- Exercise instructions -
Omit the pictures and return exactly the stretch of the material below from the line with "Keywords: Kerala, Pooja" through the line with "Корейские роскошные серьги-кисточки".
____ Data extract
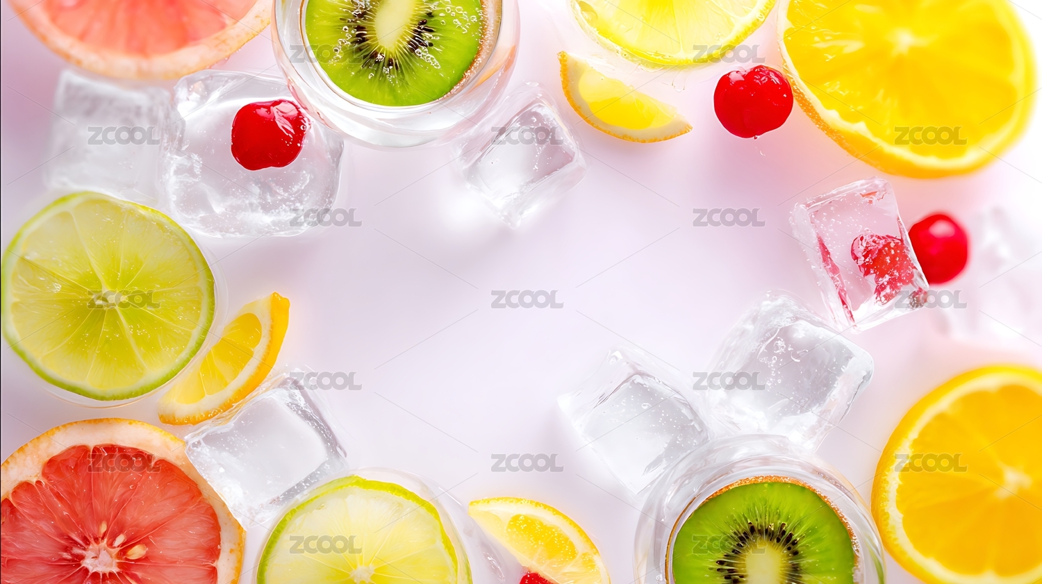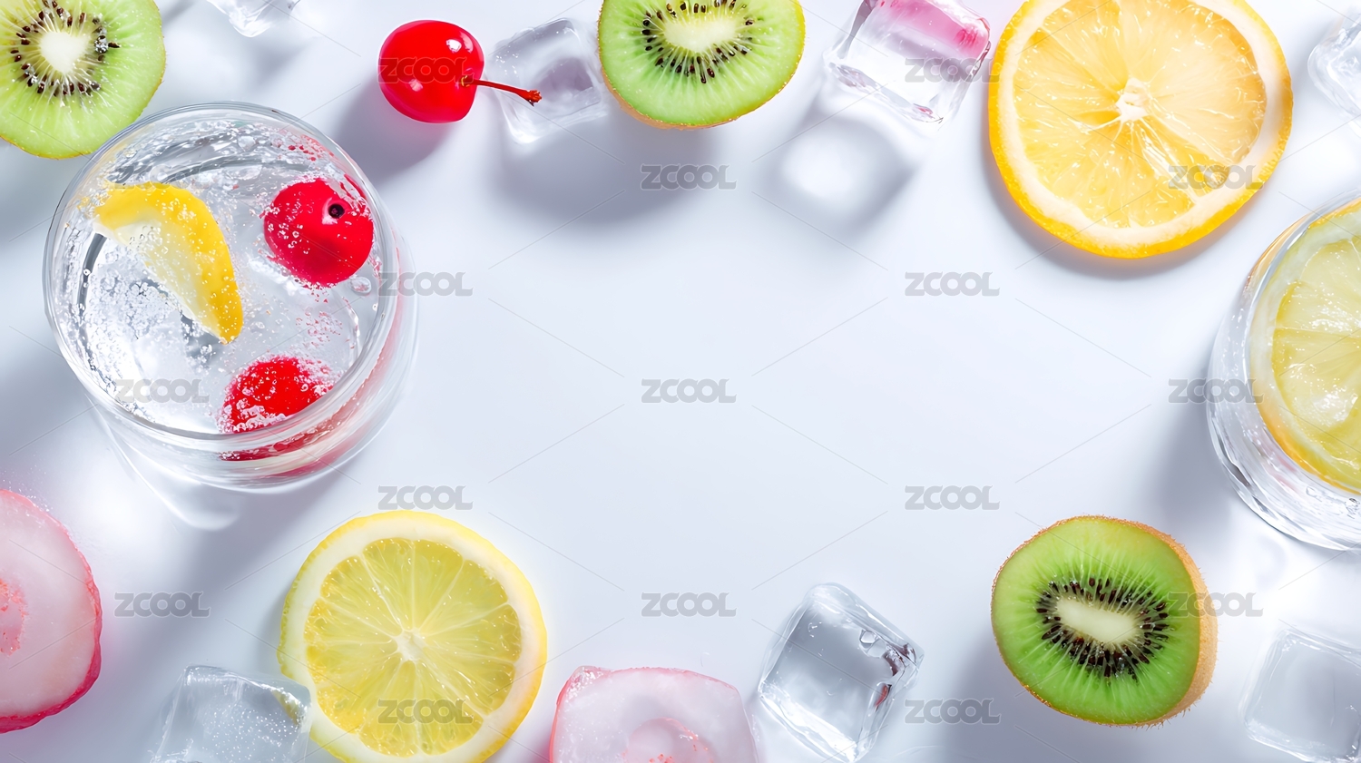 冰块,新鲜,健康,美味,夏日,清爽,水果,柠檬,猕猴桃,橙子
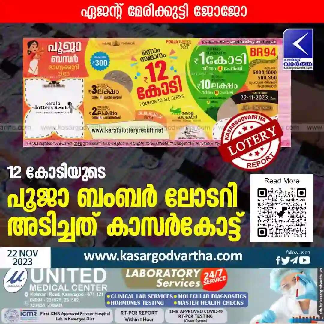 Keywords: Kerala, Pooja Bumper, Lottery, Results, Prize, Hosangady, Ticket, Draw, Kerala Pooja Bumper Lottery results declared, first prize Rs 12 crore.
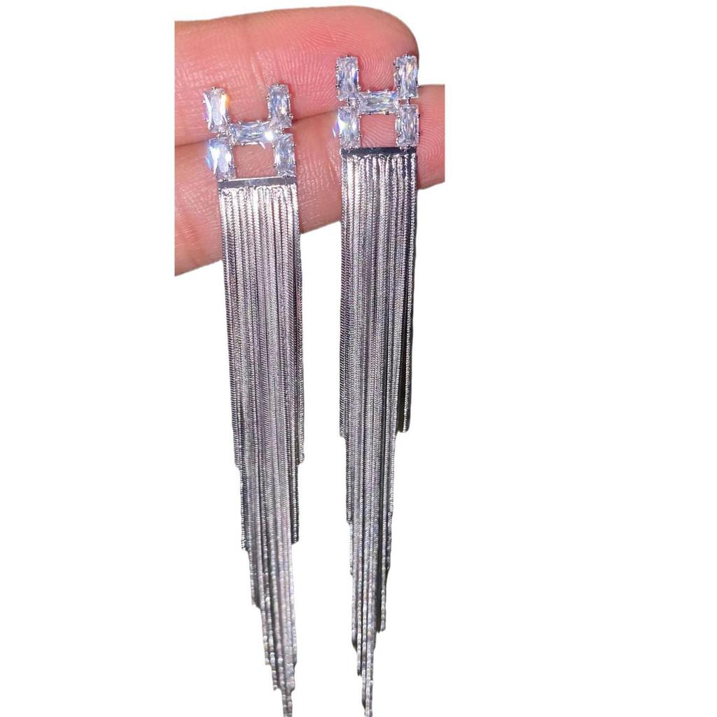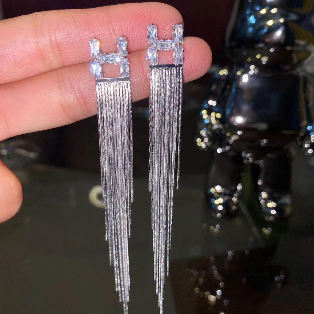 Корейские роскошные серьги-кисточки H из циркона для женщин - элитный нишевый дизайн
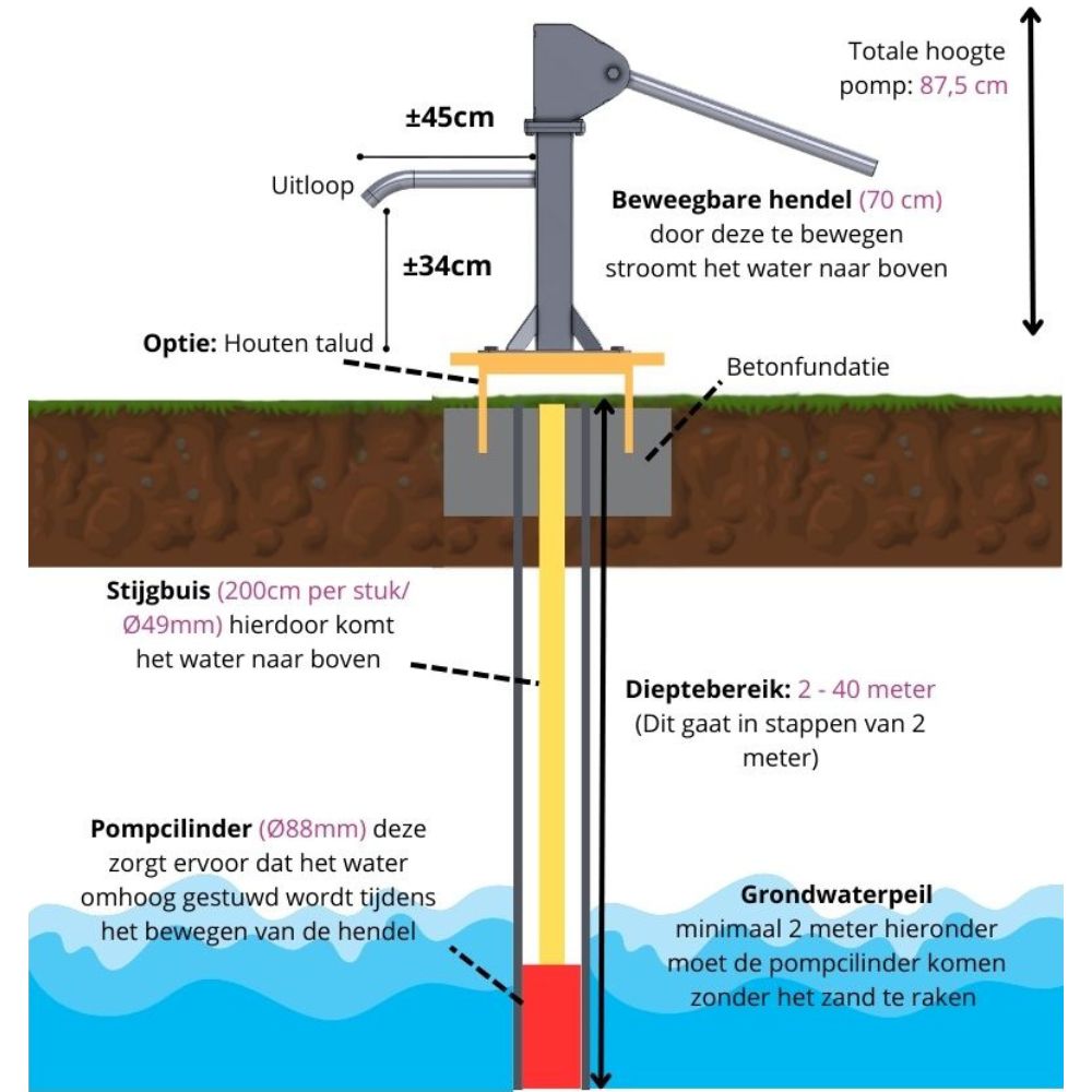 Deze uitvoering is speciaal ontwikkeld om eenvoudig te bedienen te zijn, ook door kinderen en ouderen. Daarnaast is de pomp voorzien van een solide basis die stevig verankerd kan worden, wat extra stabiliteit garandeert.
________
- Final answer -
 Keywords: Kerala, Pooja Bumper, Lottery, Results, Prize, Hosangady, Ticket, Draw, Kerala Pooja Bumper Lottery results declared, first prize Rs 12 crore.
 Корейские роскошные серьги-кисточки H из циркона для женщин - элитный нишевый дизайн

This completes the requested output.